GRAPH illustrates RFLP linkage map, conventional linkage map and cytological map for each chromosome. The region(s) of chroniosome which include genes showing abnormal segregation ratio is also marked on the illustrated chromo- some.

LBLOCK shows graphical genotypes on all chromosomes for each plant. Crossover points on a chromosome for each plant are also shown.

LOD calculates LOD score for all sets of a given number, 9 at maximum, of RFLPs which are sequentially located on the same chromosome. The program is used for checking the order of RFLP loci determined by MDS method.

MAPL can be used by everybody without prior computer experience. For program execution only two floppy disks, one for programs and the other for data recording and output, are required. MAPL has been utilized with success for the construction of a detailed RFLP linkage map of rice from F2 segregation data which were provided by a group of researchers at National Institute of Agroenvironmental Sciences. Programs are available upon request. One who wants a copy of MAPL is requested to send two blank 5-inch high-density floppy disks to the first author.

References

Kosambi, D. D., 1944. The estimation of map distance from recombination values. Ann. Eugen. 12: 505-525.

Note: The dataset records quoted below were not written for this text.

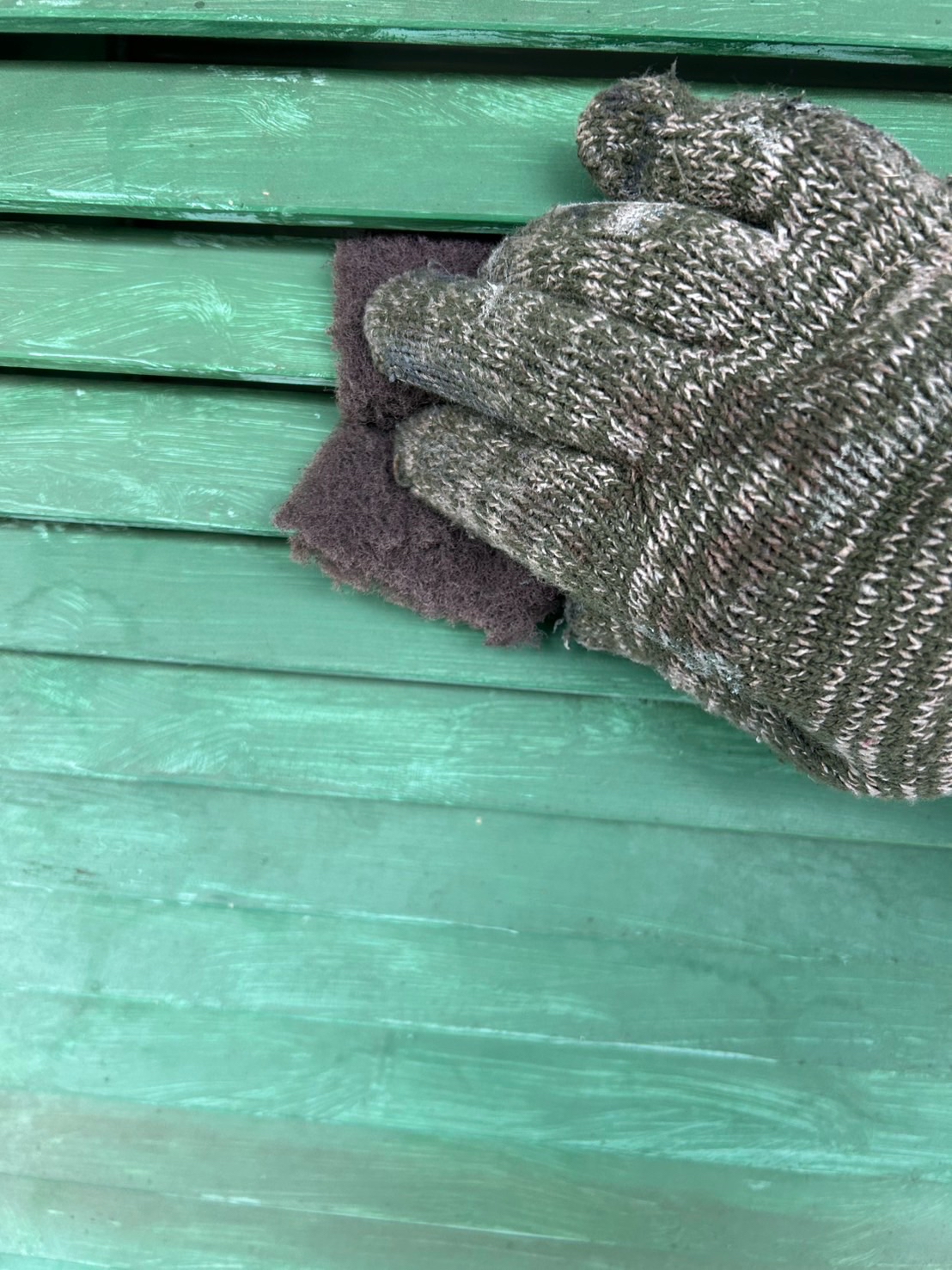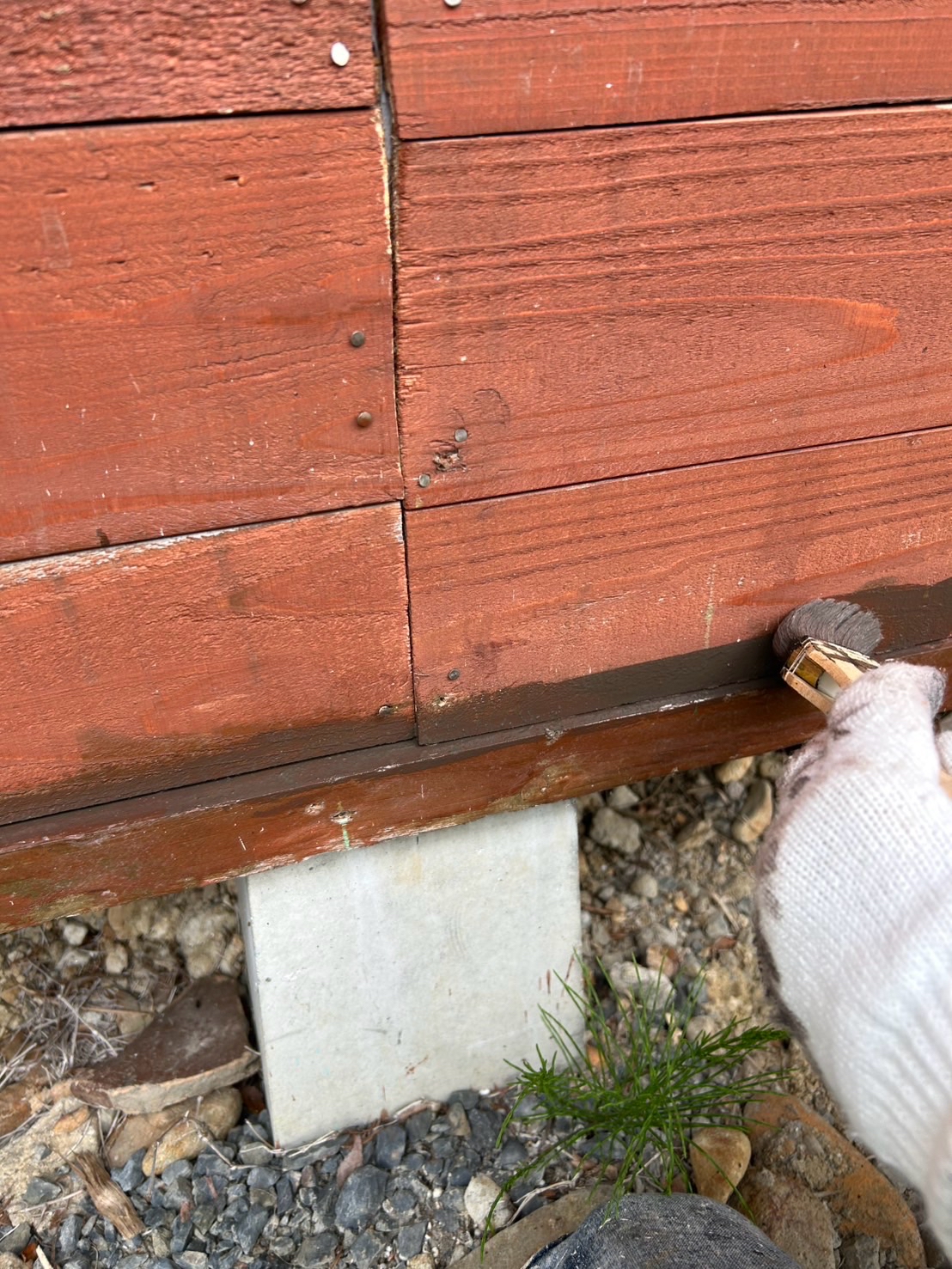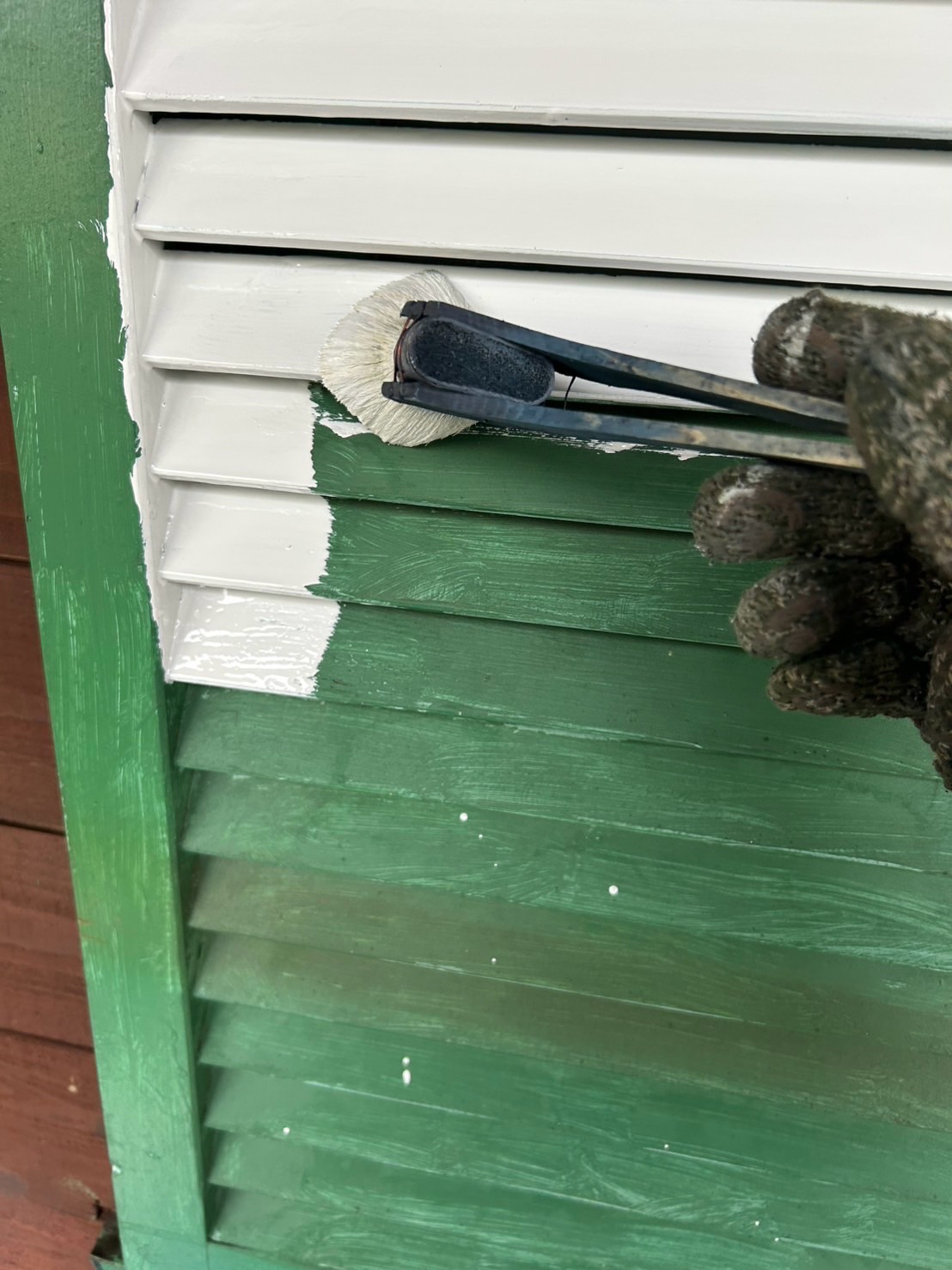 ログハウスの外壁をチョコレートで、窓枠をホワイトで塗装させていただきました。
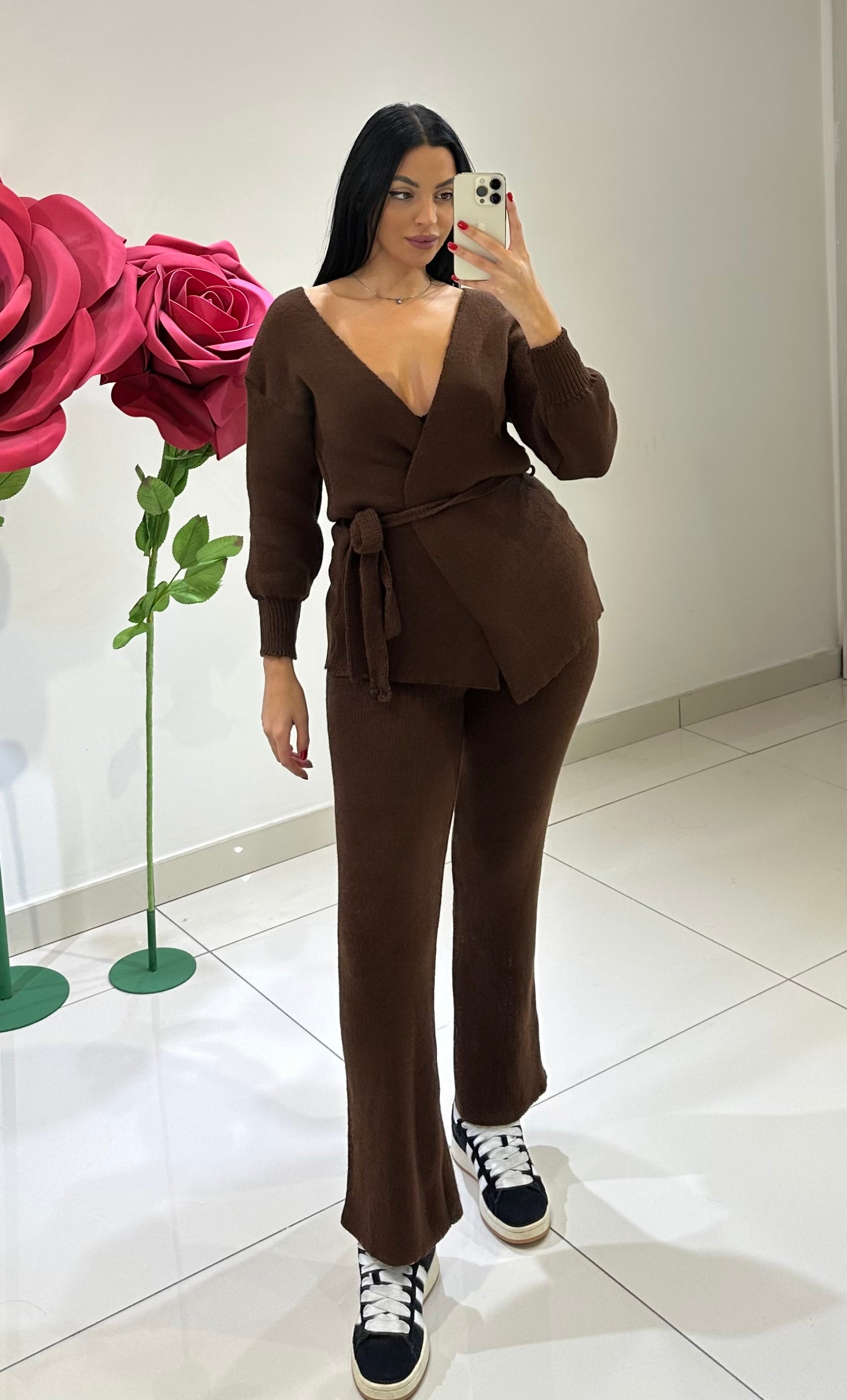 COORDSET IN LANA, CARDIGAN CHIUSURA KIMONO, PANTALONE GAMBA DRITTA VITA ALTA CON ELASTICO. IN VARI COLORI
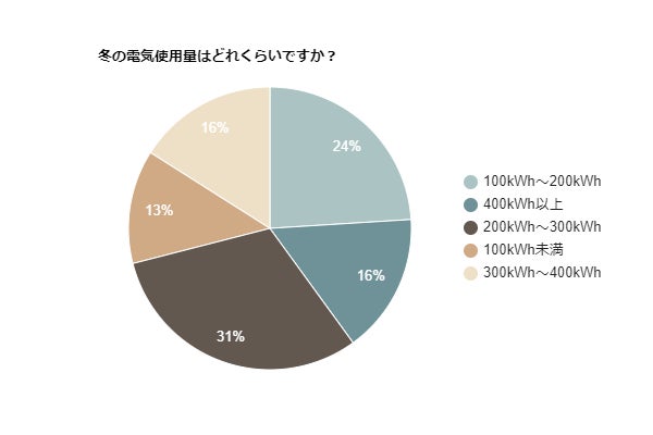 冬の電気使用量はどれくらいか調査をしたところ、「200kWh~300kWh」が31%、「100kWh~200kWh」が24%と多く回答が集まりました。
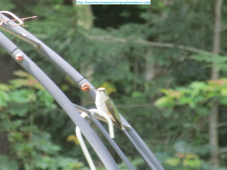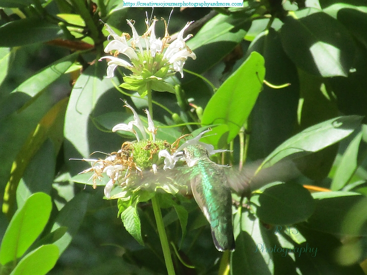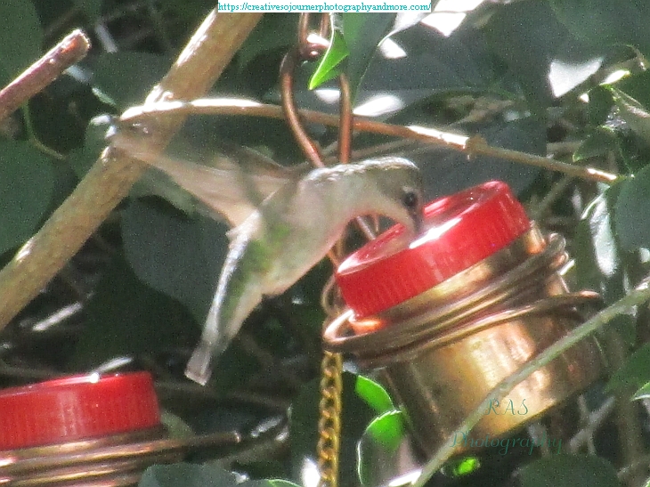 The hummingbirds enjoy visiting our backyard garden, and the hummingbird feeder:
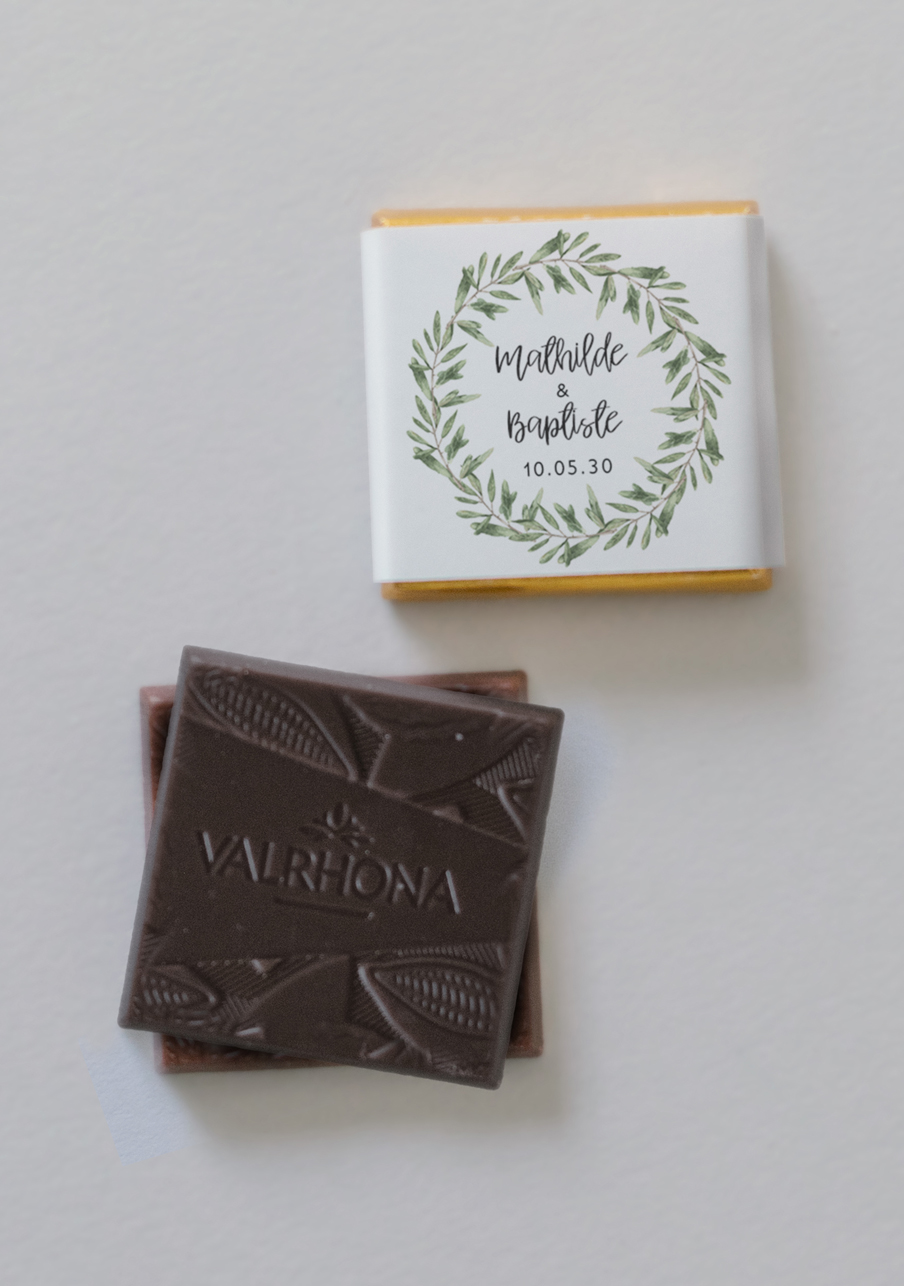 - De délicieux carrés de chocolats de la marque Valrhona, à personnaliser avec le visuel de votre choix.
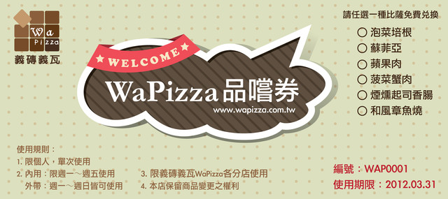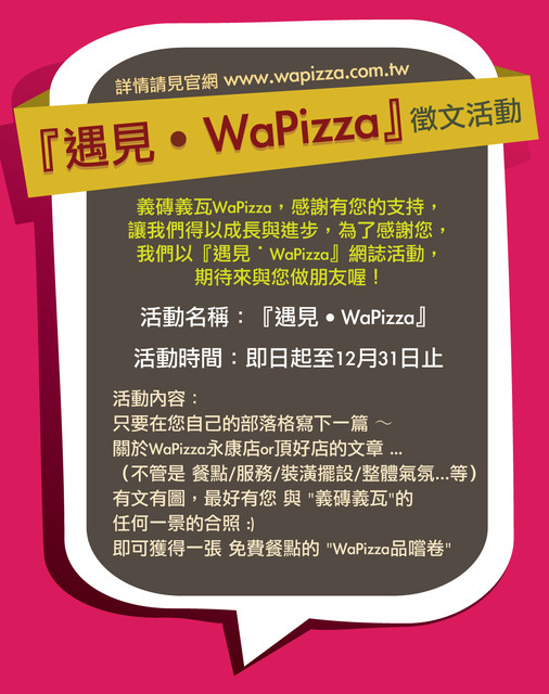 只要來WaPizza手工窯烤比薩 永康店or頂好店用餐
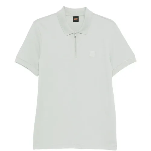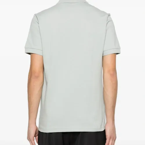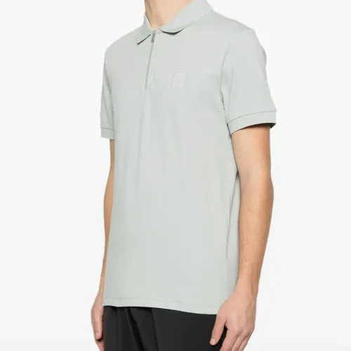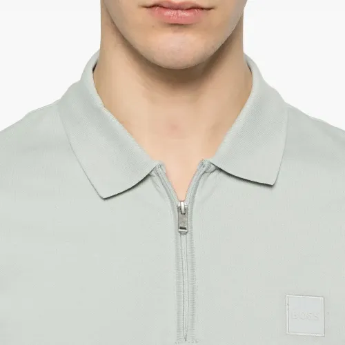 светло-серая хлопковая футболка-поло с короткими рукавами, молнией, нашивкой с логотипом, воротником-поло и ребристой отделкой
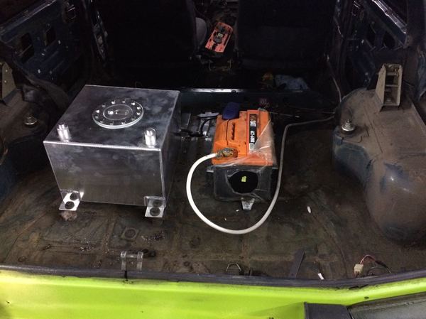Первый же запуск двигателя обнаруживает проблему с подачей топлива из-за засоренного родного бензобака мотор отказывается работать нормально . Ну что-же спортивный аллюминиевый бензобак на 20 литров занимает место в багажнике вместе с выносным бензонасосом а-ля Bosch 044 с прокачкой до 300 литров в час
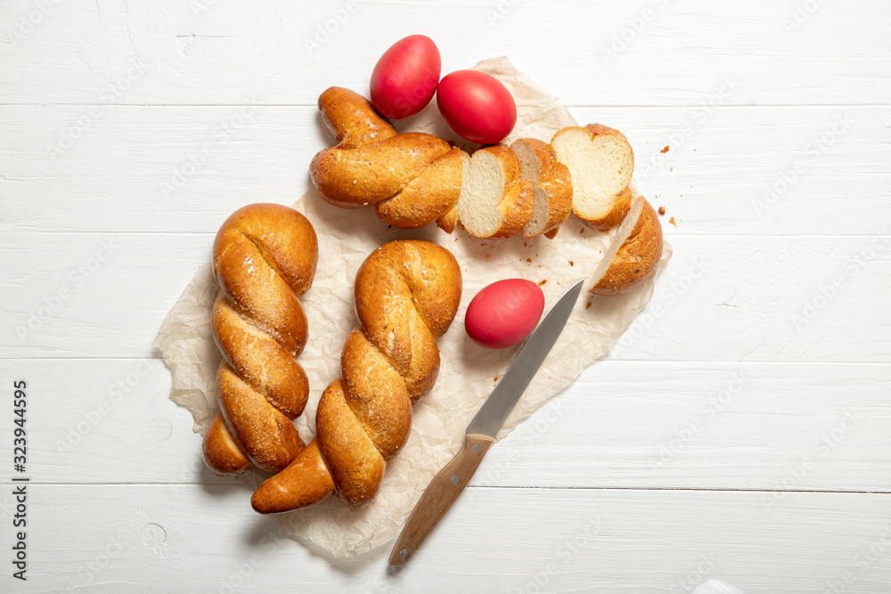Greek easter buns. Greek Easter. Italian Easter. Traditional easter bread. Easter eggs
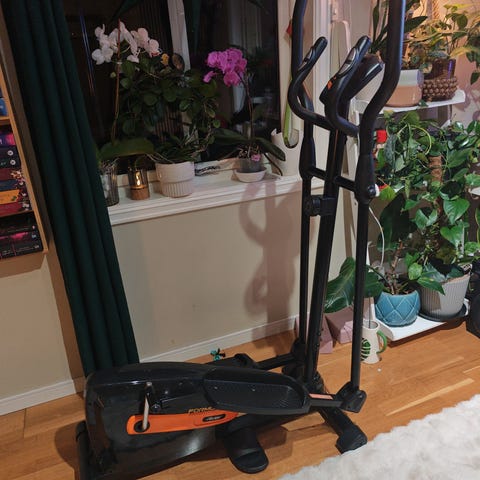 Kettler crosstrainer med digital skjerm. Treningsapparat for kardiovaskulær trening med håndtak og skjerm for måling av treningsdata.
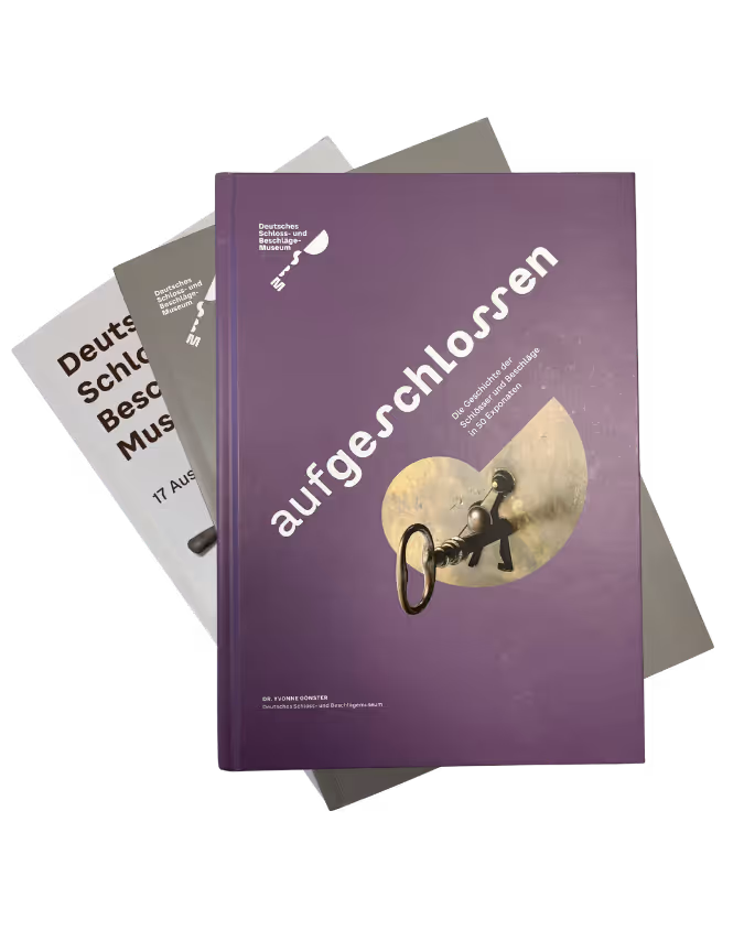 In unserem Shop können Sie außerdem die drei Kataloge zu unserer Dauerausstellung erwerben. Das Begleitbuch (9,90 €), das kürzere Begleitheft (3,90 €) und die Broschüre in Leichter Sprache (3,90 €) stellen reich bebildert die Highlights der Sammlung vor und erzählen vom spannenden Wettlauf um die beste Sicherheitstechnik.
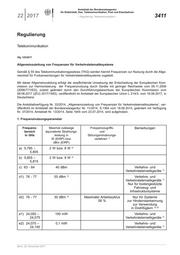 3418 – Mitteilungen, Telekommunikation, Teil A, Mitteilungen der Bundesnetzagentur – 22 2017

Lander, E. S., P. Green, J. Abrahamson, A. Barlow, M. J. Daly, S. E. Lincoln and L. Newburg, 1987. MAPMAKER: An interactive computer package for constructing primary genetic linkage maps of experimental and natural populations. Genomics 1: 174-181.

McCouch, S. R., G. Kochert, Z. H. Yu, Z. Y. Wang, G. S. Khush, W. R. Coffman and S. D. Tanksley, 1988. Molecular mapping of rice chromosomes. Theor. Appl. Genet. 76: 815- 829.

Torgerson, W. S., 1952. Multidimentional scaling: I. Theory and method. Psychometrika 17: 401- 419.